The real issue is context. AI models have a limited context window, and most of the time we’re wasting it. We dump entire files in, hope the model figures out what matters, and then wonder why the output is inconsistent.

What if instead of hoping the AI understands your project, you told it — in a structured, decomposed way?

Two Layers of Context

The framework is built around a two-layer context model: steering documents and rules.

graph TB
    subgraph Steering["Steering Docs (Project-Level)"]
        P[Product Vision]
        T[Tech Stack]
        S[Structure]
        A[Architecture]
        TS[Testing Strategy]
        PR[Principles]
    end

    subgraph Rules["Rules (Path-Scoped)"]
        R1["code-style.md
applies to: src/**"]
        R2["testing.md
applies to: tests/**"]
        R3["security.md
applies to: api/**"]
    end

    Steering -->|"loaded every session"| AI[AI Agent]
    Rules -->|"loaded conditionally
based on file path"| AI

    style P fill:#3498db,color:#fff,stroke:#2980b9
    style T fill:#3498db,color:#fff,stroke:#2980b9
    style S fill:#3498db,color:#fff,stroke:#2980b9
    style A fill:#3498db,color:#fff,stroke:#2980b9
    style TS fill:#3498db,color:#fff,stroke:#2980b9
    style PR fill:#3498db,color:#fff,stroke:#2980b9
    style R1 fill:#5dade2,color:#fff,stroke:#3498db
    style R2 fill:#5dade2,color:#fff,stroke:#3498db
    style R3 fill:#5dade2,color:#fff,stroke:#3498db
    style AI fill:#2c3e50,color:#fff,stroke:#34495e

Steering documents are project-level context files. Instead of one massive README, the framework decomposes your project context into ~6 focused files: product vision, tech stack, directory structure, architecture decisions, testing strategy, and core principles. These get loaded into the AI’s context at the start of every session.

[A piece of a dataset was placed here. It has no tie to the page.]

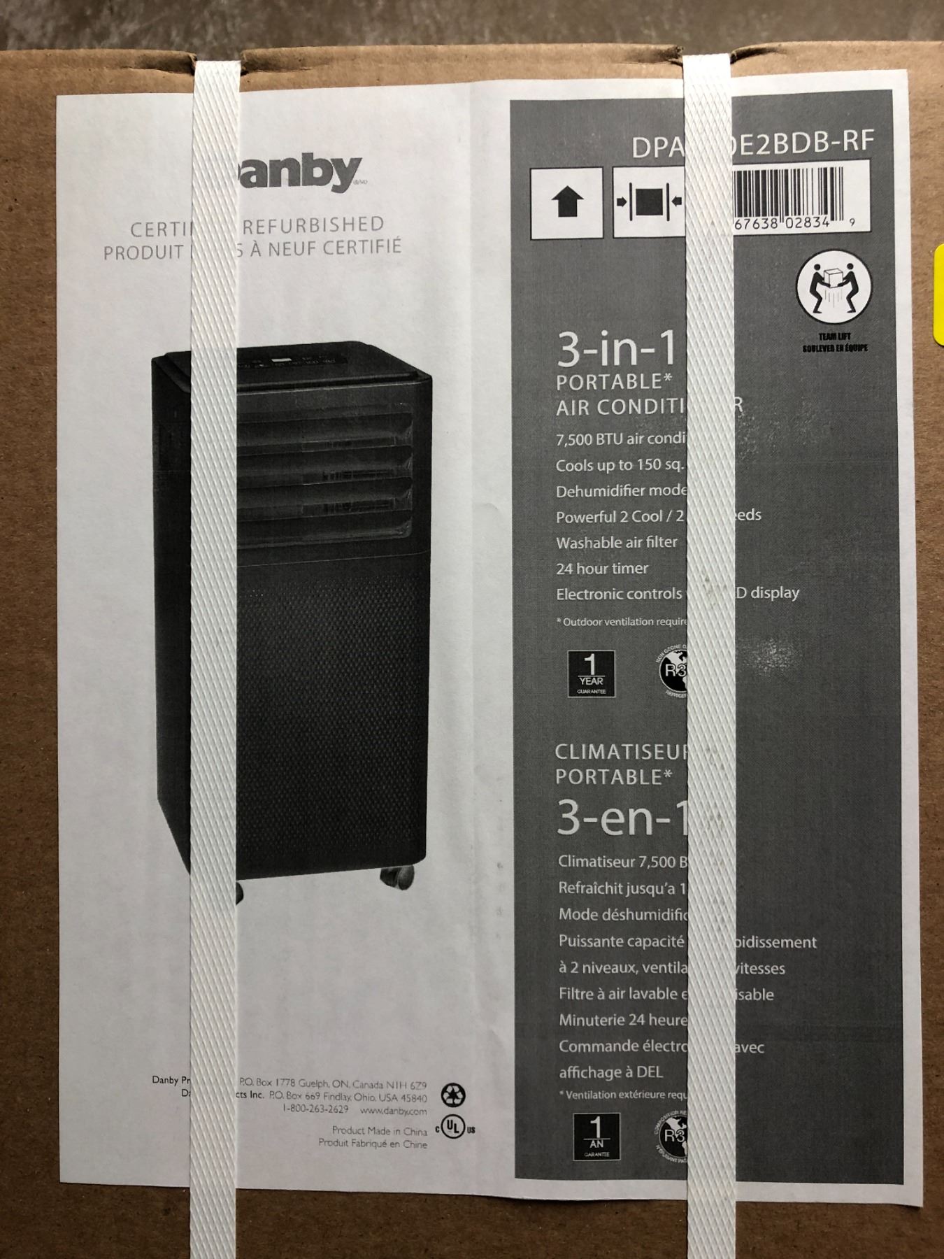 DANBY - Black 7,500 BTU 3 in 1 Air Conditioner Brand in box

Rules are path-scoped conventions. Different parts of your codebase have different needs — your API layer has different conventions than your frontend components. Rules are loaded conditionally based on which files the AI is working with. This keeps the context window lean and relevant.

The key insight: decompose context so the AI loads only what it needs, when it needs it.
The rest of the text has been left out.